Cauchy-Euler with x=e^t? Differential Equations (ODE)

[kepherax]

Homework Statement

Use Cauchy-Euler method with x=e^t to solve the following differential equation.

Relevant Equations

x^2y''(x)+xy'(x)-9y(x)=x^2

I'm fine with this up to a certain point, but I'm not certain if I'm using the substitution correctly. After finding the homogeneous solution do I plug in x= e^t in the original equation and then divide by e^2t to put it in standard form before applying variation of parameters so f=1, or do I just substitute so f= e^2t? The former is shown, but the latter gives a matching answer to plugging the original equation into symbolab if I were to replace their x with e^t. In videos I've watched and as per the book, you must always put the original equation into standard form and use the resulting f, but I feel like I'm missing something I can't put my finger on.

 

[Mark44]

Homework Statement: Use Cauchy-Euler method with x=e^t to solve the following differential equation.
Homework Equations: x^2y''(x)+xy'(x)-9y(x)=x^2

I'm fine with this up to a certain point, but I'm not certain if I'm using the substitution correctly.

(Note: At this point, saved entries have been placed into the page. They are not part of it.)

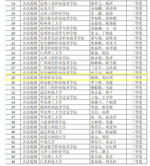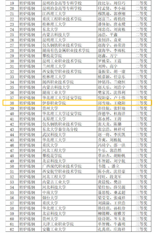 本屆競賽參賽學(xué)校共44所,其中高職???4所(煉鋼23組46人,煉銅23組46人),本科院校(含研究生)30所(煉鋼51組102人,煉銅34組68人)。煉鋼競賽項目:特等獎6組、一等獎10組、二等獎16組、三等獎30組;煉銅競賽項目:特等獎5組、一等獎7組、二等獎12組、三等獎22組。
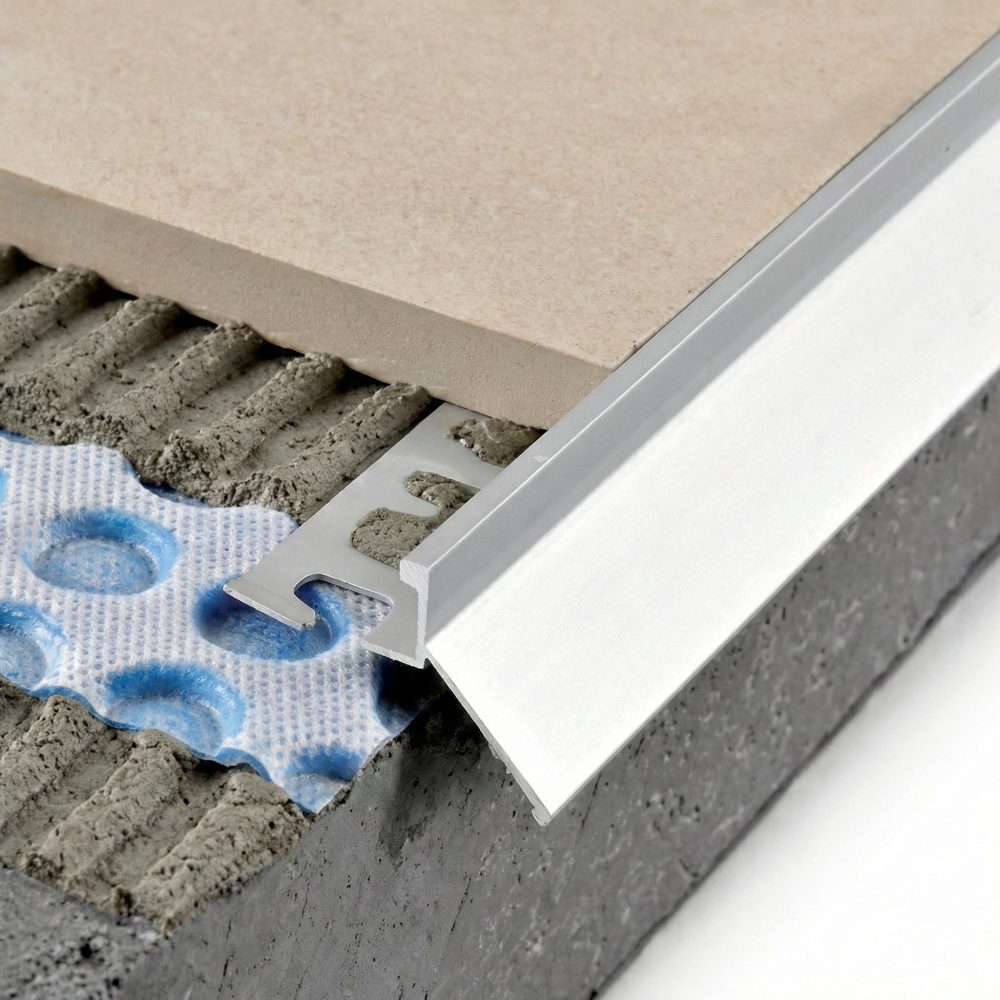 Aluminijast odkapni profil je zaključni profil za robove keramičnih oblog, ki usmeri vodo stran od fasade in preprečuje zatekanje po čelni strani. Uporablja se na balkonih, terasah in drugih zunanjih robovih, kjer želiš čist in trpežen zaključek ter zaščito roba ploščic. Profil se vgradi v lepilo pod oblogo, odkapni rob pa poskrbi za pravilno odvajanje vode.
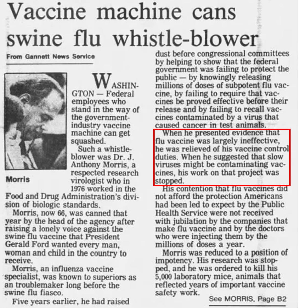 Note: I have been unable to find a transcript or copy of that 1976 show. However according to one account of it, Morris “warned the experimental vaccine could cause serious allergic and neurological reactions, had a very low potency, and was completely unnecessary as the virus concerned was an ordinary pig virus, and not highly pathogenic, and had died out within two weeks of it’s being detected in February, and had not been seen anywhere else.”

After finding the homogeneous solution do I plug in x= e^t in the original equation and then divide by e^2t to put it in standard form before applying variation of parameters so f=1, or do I just substitute so f= e^2t? The former is shown, but the latter gives a matching answer to plugging the original equation into symbolab if I were to replace their x with e^t. In videos I've watched and as per the book, you must always put the original equation into standard form and use the resulting f, but I feel like I'm missing something I can't put my finger on.

View attachment 251084

You seem to have an error in your particular solution. If you substitute just your particular solution into the differential equation, you get $x^2 \cdot 0 + x \cdot 0 - 9 \cdot -\frac 1 9 \ne x^2$. Since the two exponentials make up the solution to the homogeneous problem, all of the terms resulting from that part of the solution just vanish.

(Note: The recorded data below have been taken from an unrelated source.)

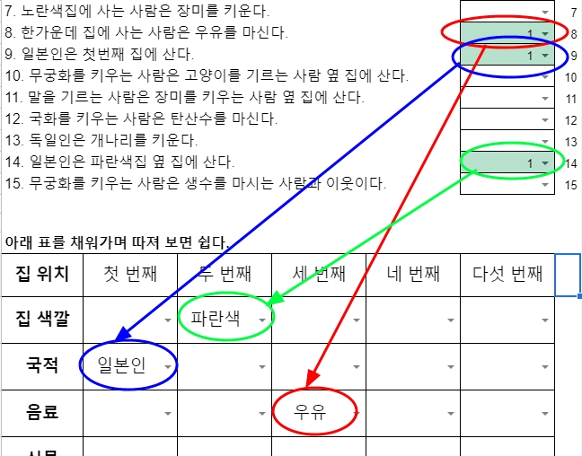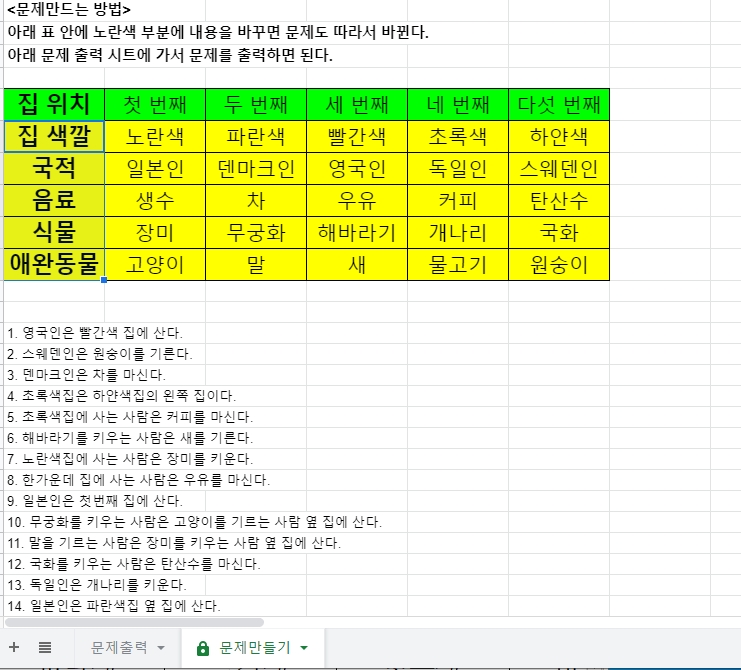 만약 복사해서 직접 만들어 보고 싶다면 아래 사본만들기를 눌러 아인슈타인 퍼즐 만들기 구글스프레드시트를 복사해가서 사용하면 된다.
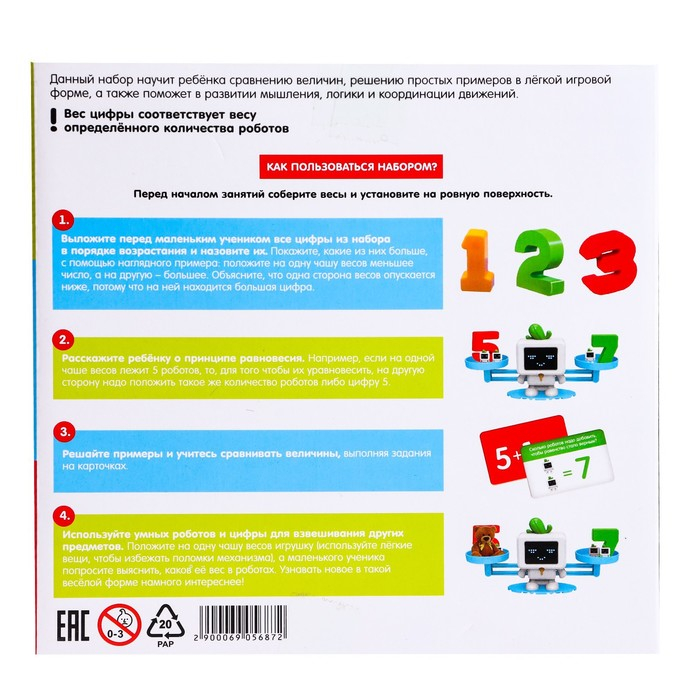 Детские развивающие математические весы «Умный робот», по методике Монтессори
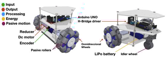 In this configuration, the chassis can be moved using the commonly low-cost yellow wheels with a radius of m, as shown in Figure 12. The horizontality of the robot is maintained through a commercial idler wheel type, which is set in the chassis to the necessary measurements for the robot, adapting the required height of installed wheels. Considering that the chassis was designed to be configured as an omnidirectional robot, the omnidirectional wheels, with a diameter of m, can also be used in the differential configuration, where two omnidirectional wheels can be installed in the motors’ shafts, as illustrated in Figure 13. The chassis was designed to rotate the motors until they obtained the required configuration. In this case, the axes of the motor shafts should be collinear between them, and the idler wheel has to be adjusted to the required height to ensure the horizontality of the mobile robot. In both assemblies, the instrumentation uses the same components to operate the robot, i.e., two DC-geared motors and one H-bridge motor drive as outputs, two encoders as inputs, one Arduino ONE board as the processing unit, and one external energy source. The only difference between them is the wheel type.

I got a particular solution of the nonhomogeneous problem of $y_p = -\frac 1 5 x^2$, and this checks out.

Your solution to the homogeneous problem is fine, but for the nonhomogeneous problem, I used a different technique, assuming that the solution to $x^2y'' + xy' - 9y = x^2$ was a polynomial of the form $y_p = c_0 + c_1x + c_2x^2$.

I'm pretty rusty on the variation of parameters technique, so I don't have any comments on what you did in the lower half of the page in the photo.

 

[kepherax]

You seem to have an error in your particular solution. If you substitute just your particular solution into the differential equation, you get $x^2 \cdot 0 + x \cdot 0 - 9 \cdot -\frac 1 9 \ne x^2$. Since the two exponentials make up the solution to the homogeneous problem, all of the terms resulting from that part of the solution just vanish.

I got a particular solution of the nonhomogeneous problem of $y_p = -\frac 1 5 x^2$, and this checks out.

Your solution to the homogeneous problem is fine, but for the nonhomogeneous problem, I used a different technique, assuming that the solution to $x^2y'' + xy' - 9y = x^2$ was a polynomial of the form $y_p = c_0 + c_1x + c_2x^2$.

I'm pretty rusty on the variation of parameters technique, so I don't have any comments on what you did in the lower half of the page in the photo.

Yeah, even when I use the variation of parameters method with f = e^2t, I get -1/5 e^2t as the particular solution, which works with the substitution... part of the process with Cauchy Euler is to first solve the homogeneous equation and then divide through to put in standard form for parameter variation, though, which either way (with or without sub) will result in f=1 and as pictured, so I'm confused. I may ask a tutor tomorrow morning, I saw one today but he was also rusty on ODE and couldn't clarify this for me. Thanks for trying!

 

[Mark44]

I get -1/5 e^2t as the particular solution, which works with the substitution.

And with x = e^t, your solution is the same as mine; namely, $y_p = -\frac 1 5 x^2$.